Más sombras que en el Quirinal hay en el Vaticano, a cuyo
anciano Jefe fatigan, más que los dolores de su cuerpo, las
amarguras de la Iglesia. A veces pasean tristemente, poniendo
en contraste el rostro apenado con el alegre vestido de franjas
rojas, amarillas y negras que inventó Rafael para ellos—los fieles
alabarderos del Pontífice; y es que esos días se murmura en
Palacio que el papa León XIII sufre con más viveza de sus males.

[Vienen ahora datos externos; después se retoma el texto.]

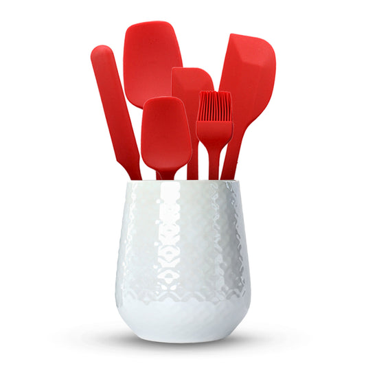 Cheer Collection Silicone Spatula Set, Silicone Spatulas For Nonstick Cookware, Cooking and Baking Sets for Kitchen, Red, 6 Pieces
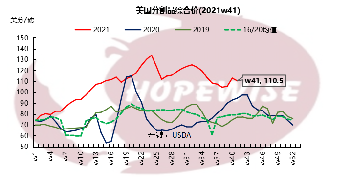美國9月生豬均價(jià)0.83美金/磅,環(huán)比下滑15.45%,同比上漲47%。豬胴體價(jià)格1.07美金/磅,環(huán)比下滑10.47%,同比增長26.97%。生豬價(jià)格處于季節(jié)性下滑階段。9月最后一周,豬各部位肉的平均批發(fā)價(jià)格與6月中旬達(dá)到的年度峰值相比下降約20%。雖然生豬產(chǎn)量有增加,仍低于去年同期水平。9月周度生豬屠宰量246.08萬頭,環(huán)比增加2.13%,同比減少3.04%。生豬周度產(chǎn)量23.32萬噸,環(huán)比增加1.96%,同比減少3.36%。

En esta semana ha visto con pesar cómo lo más granado de
Roma celebraba, en memorable banquete, al caballero Mario,
condenado días antes a multa y prisión por estimarse injuriosos
al Pontífice varios artículos que publicó en la Lega della
Democrazia; mantenedores de la monarquía y de la República se
unieron en esta faena de plácemes, y en torno a la brillante
mesa se juntaron radicales, republicanos, y anticlericales, sin
que fuera aquella fiesta desordenada ni bulliciosa, sino propósito
grave y deliberado, nacido de mentes poderosas, y puesto en
acción por personas de popular renombre y fama de sensatos.
Ya ha bendecido el Pontífice una capilla nueva, en honor de los
santos de Italia y de Francia que canonizó poco ha y, cuando vio
reunidos en redor de su trono, a los altos dignatarios de la
Iglesia que volvían, rematadas ya las fiestas, a sus diócesis, les
pidió,—como si respondiese con su súplica a secreta queja, y
diese cuenta pública del enconado cisma que reveló el canónigo
Campoello,—gran paz y fraternal armonía, por ser más que
nunca necesarias a la cura de la Iglesia las amistades de sus
hijos. «En estos muros»—les decía— «puso Dios el poder de
contener a las masas encrespadas, y en estas manos débiles ha
puesto, como en las de todos sus vicarios, la fortaleza necesaria
para embridar las pasiones de los hombres. ¡Ved cómo injurian a
nuestra Iglesia, a despecho de estos poderes con que protege y
salva! ¡Con locura y audacia nos niegan estos beneficios que
hacemos, de refrenar y de calmar! ¡Pueda Italia algún día
entender a qué la obliga su amor a la libertad, y pueda llegar a
creer que el Papa sólo ha de traerle prosperidad, y no riesgos!»
JOSÉ MARTÍ
La Opinión Nacional. Caracas, 10 de enero de 1882.